筆談が全面に主役として扱われるのもなかったこと。これまでのドラマは聴覚障害者=手話であり、筆談は手話を覚えられない難聴者や中途失聴者や・・・のためにという説明がなされがちだったけれど、彼女のように幼少時失聴でも、最近の若い人は子どもの頃に発声や読話を徹底的に学び(彼女の場合、それを結果的に活かさない方法を採ったのだけれど)、ろう者でも必ずしも手話を選ばない、という、同障者には分かっていても世の中にはまだまだ認知されていない、これも一つのスタイルが影響力の大きいテレビを通じて示された。
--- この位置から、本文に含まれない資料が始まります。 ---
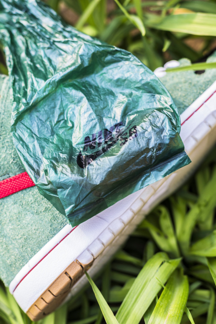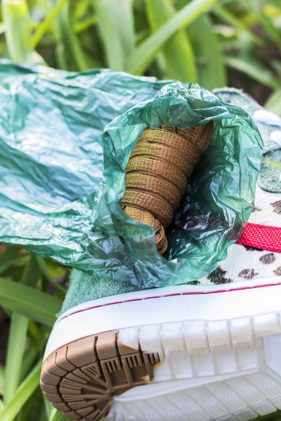 随鞋附送一个绿色 “铲屎袋”,里边还有一条未知条形物。原来是附赠的另一幅棕色鞋带。
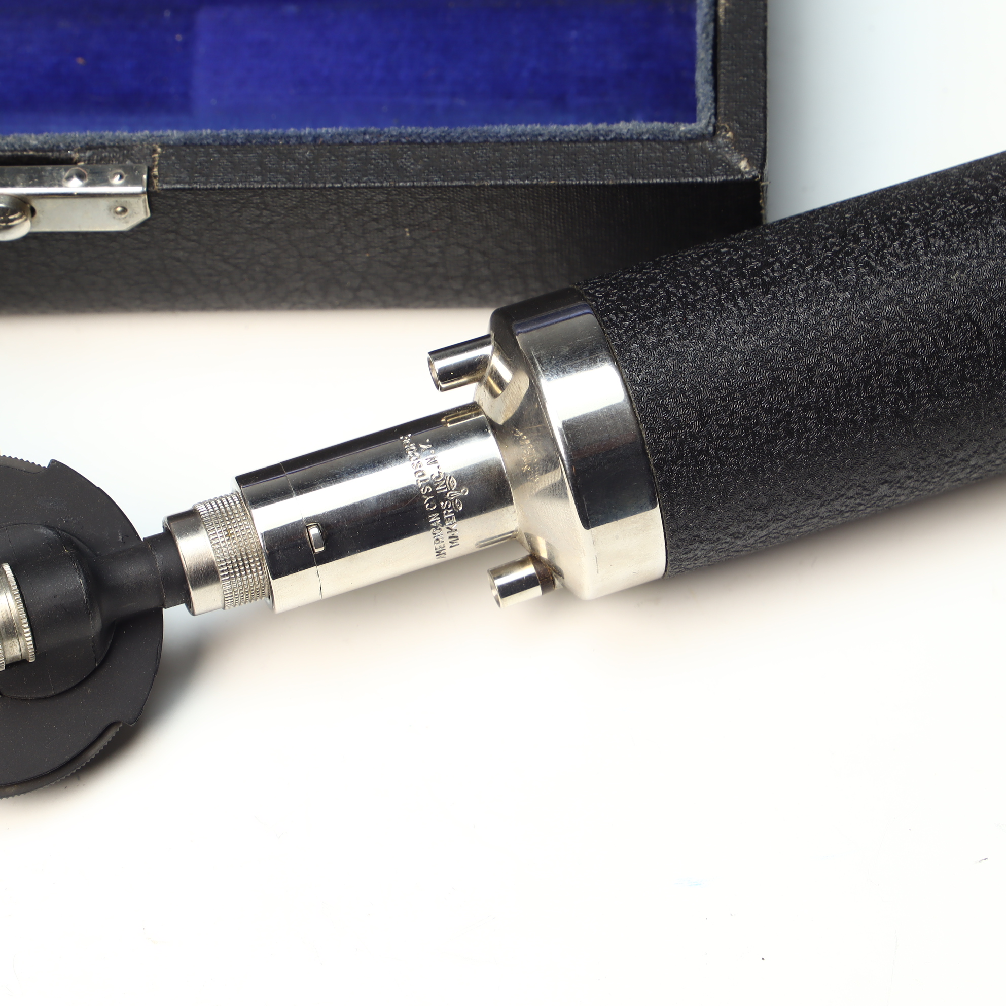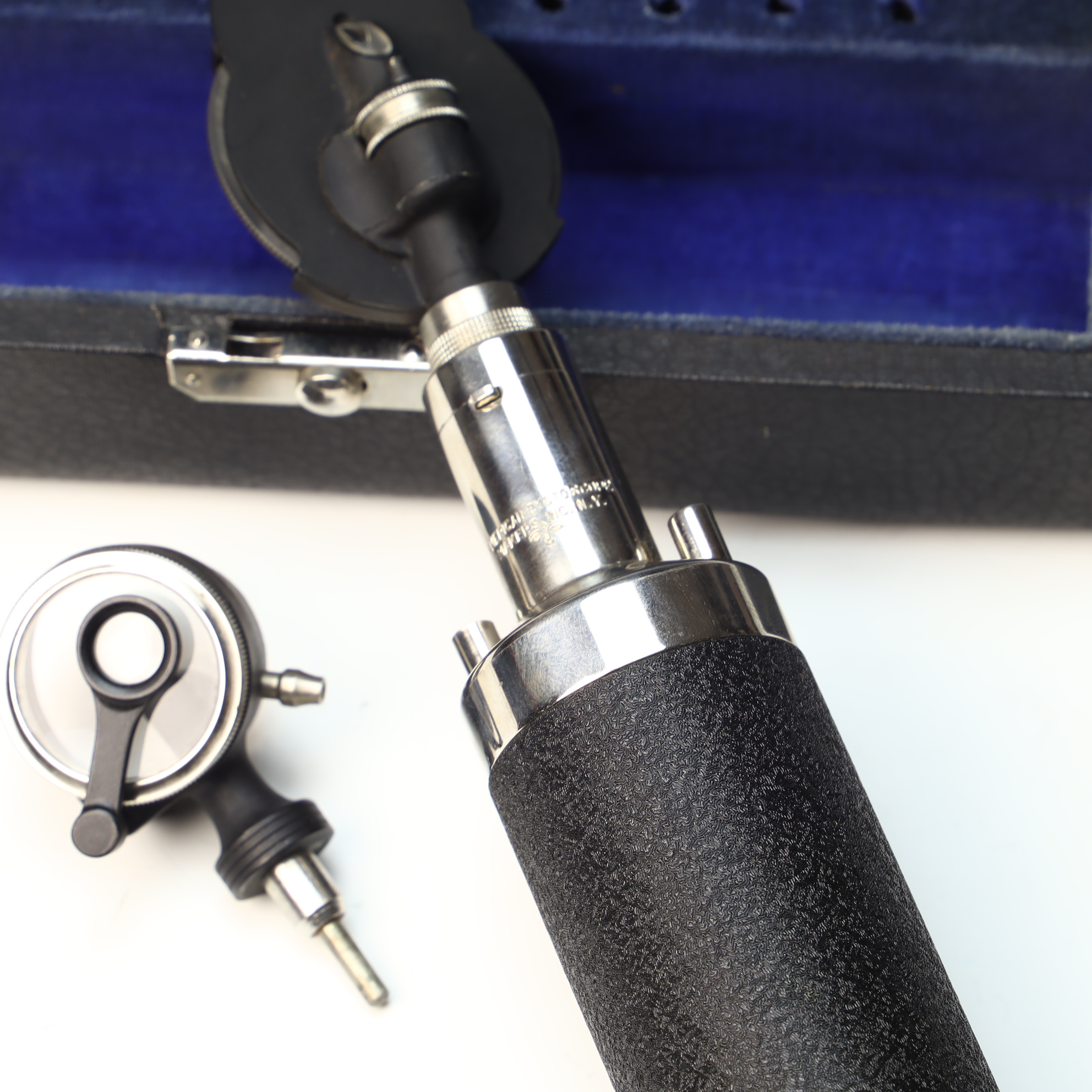 The set is in well-preserved vintage condition and appears substantially complete. Lenses in both diagnostic heads are clear and free of significant scratches. Mechanical components, including the ophthalmoscope lens disk and the otoscope hinge, operate smoothly. The chrome-plated surfaces exhibit light wear and minor tarnishing consistent with age and clinical use. The case exterior shows minor scuffing at the corners, while the interior lining remains well-preserved. Electrical functionality and lamp operation have not been tested.
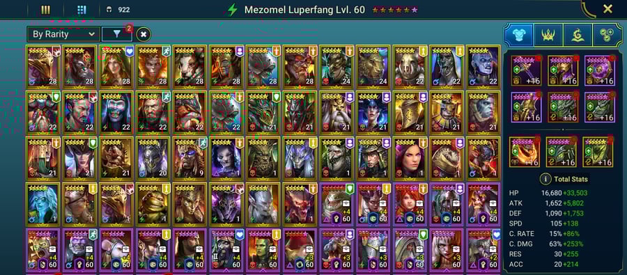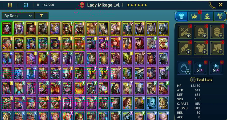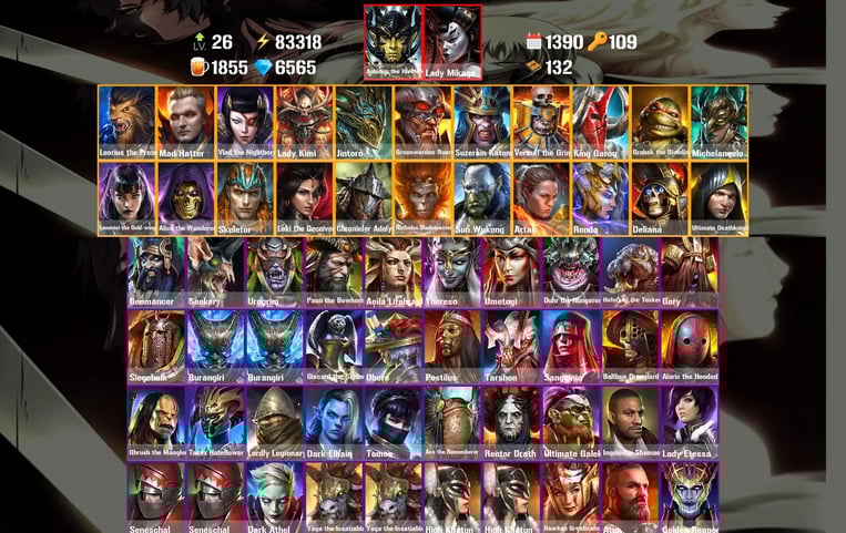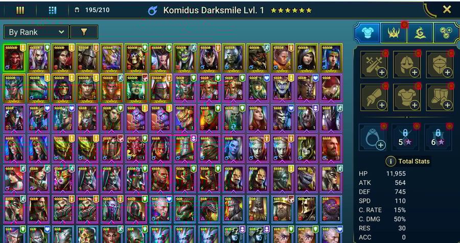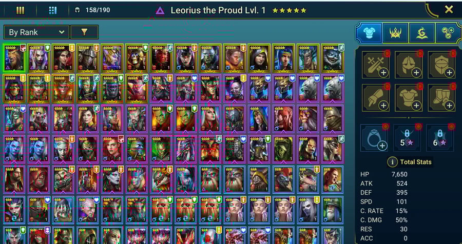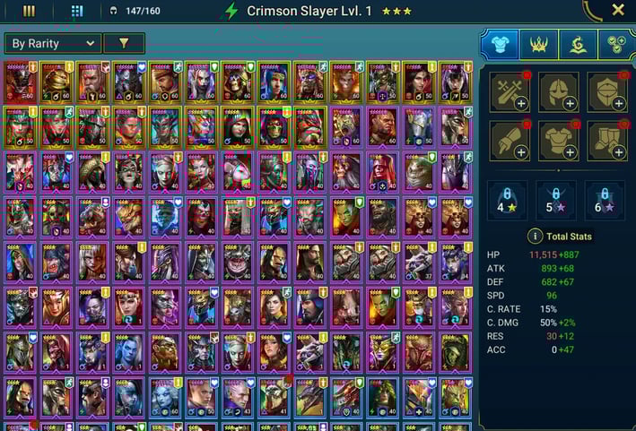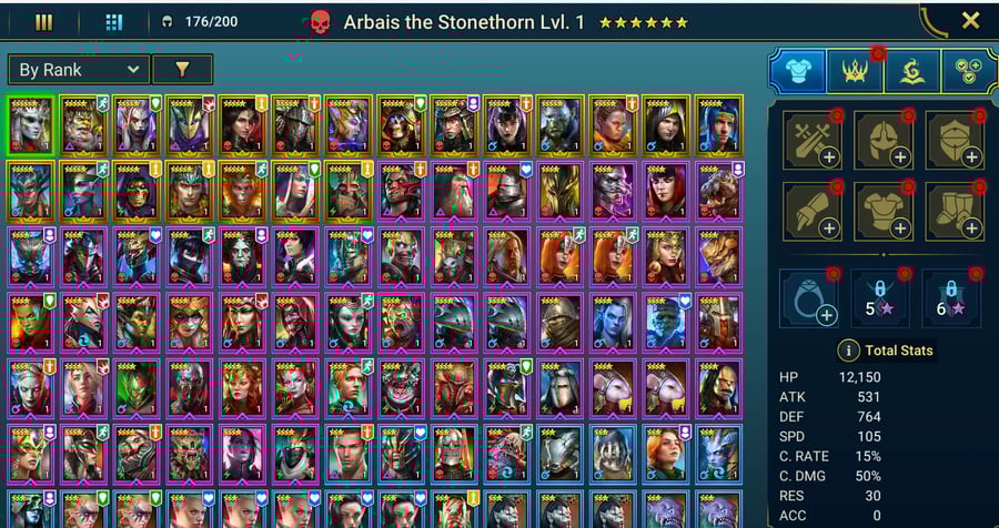 Un buon account di solito include più campioni di livello 60, preferibilmente eroi leggendari che sono utili in tutte le modalità di gioco, eroi come Arbiter, Kymar, Siphi, Krisk, o Warlord. Questi campioni offrono un prezioso controllo della folla, buff, e manipolazione del turn meter che non possono essere facilmente sostituiti.

北川景子(僕は初めて見たのだけれど)の演技も素晴らしく見事だった。かつて「オレンジ・デイズ」という、中途失聴の女性で発声をしない、という不自然なドラマ(柴咲コウ×妻夫木聡)があったけれど、今回のは実話をベースにしている分、よくできていた。
聴覚障害者といっても、補聴器を利用しての音声会話があり、きこえない者の読話があり、完全でなくても発声を試みる難聴者もいるし、ドラマの中ではうまく適合しなかったけれど人工内耳という方法もあり、手話あり筆談あり・・・と、そのどれかひとつが万能でも正解でもない、ということが自然に分かってもらえる時代になりつつある、ということかな。